▶ _Dataset_:
----

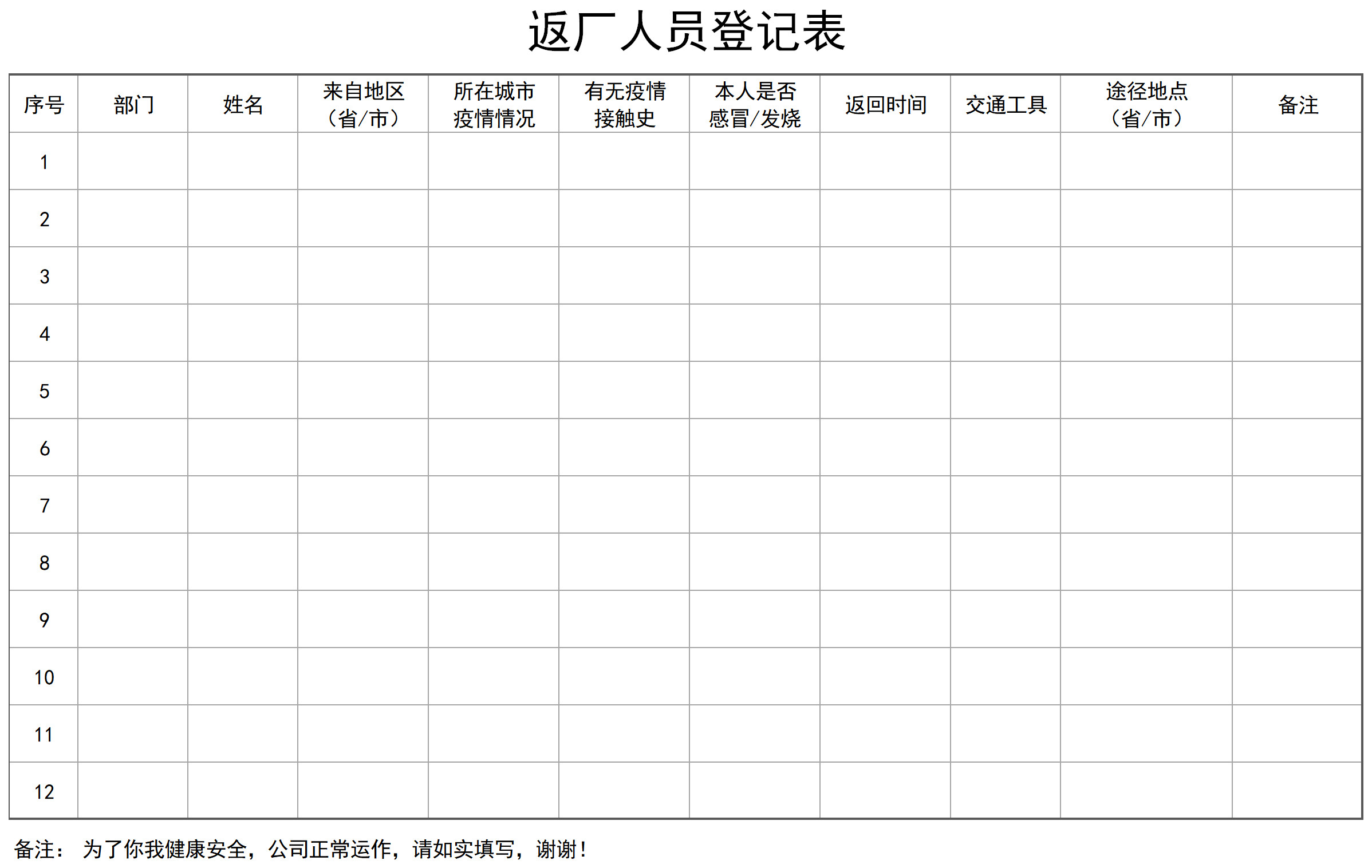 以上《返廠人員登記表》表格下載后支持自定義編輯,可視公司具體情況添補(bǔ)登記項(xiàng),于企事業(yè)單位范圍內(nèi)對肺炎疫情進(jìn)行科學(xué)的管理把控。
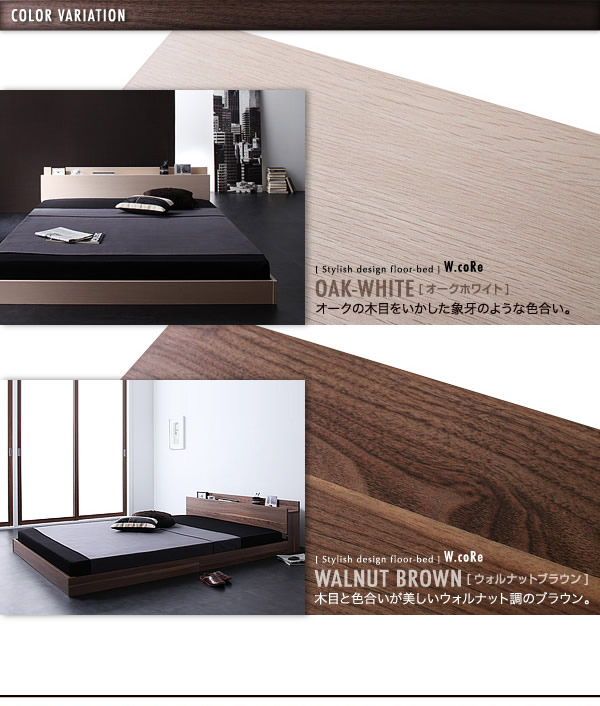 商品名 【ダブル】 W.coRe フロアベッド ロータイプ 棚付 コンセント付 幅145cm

----

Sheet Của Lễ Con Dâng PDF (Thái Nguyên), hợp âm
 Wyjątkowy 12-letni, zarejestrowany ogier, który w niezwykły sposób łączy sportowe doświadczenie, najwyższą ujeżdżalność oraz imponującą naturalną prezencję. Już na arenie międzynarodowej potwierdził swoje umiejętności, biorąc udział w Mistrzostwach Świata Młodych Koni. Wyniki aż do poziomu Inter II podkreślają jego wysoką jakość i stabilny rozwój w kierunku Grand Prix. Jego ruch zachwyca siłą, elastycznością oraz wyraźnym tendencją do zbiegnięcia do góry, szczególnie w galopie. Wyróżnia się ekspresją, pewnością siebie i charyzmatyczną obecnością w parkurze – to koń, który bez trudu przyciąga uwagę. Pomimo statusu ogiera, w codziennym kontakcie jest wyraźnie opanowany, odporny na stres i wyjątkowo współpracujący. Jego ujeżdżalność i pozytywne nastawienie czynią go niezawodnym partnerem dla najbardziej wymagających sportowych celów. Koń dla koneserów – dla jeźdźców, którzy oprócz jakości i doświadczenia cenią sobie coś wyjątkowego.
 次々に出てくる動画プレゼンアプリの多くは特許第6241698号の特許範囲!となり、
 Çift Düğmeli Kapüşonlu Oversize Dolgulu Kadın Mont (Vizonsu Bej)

----

▶ _Try it_:
In the listing above, find the line containing "以上《返廠人員登記表》表格下" and the line containing "商品名 【ダブル】 W.coRe", then output those two lines and everything between them exactly as written, without the images.

▶ _Answer for this exercise_:
 以上《返廠人員登記表》表格下載后支持自定義編輯,可視公司具體情況添補(bǔ)登記項(xiàng),于企事業(yè)單位范圍內(nèi)對肺炎疫情進(jìn)行科學(xué)的管理把控。
 商品名 【ダブル】 W.coRe フロアベッド ロータイプ 棚付 コンセント付 幅145cm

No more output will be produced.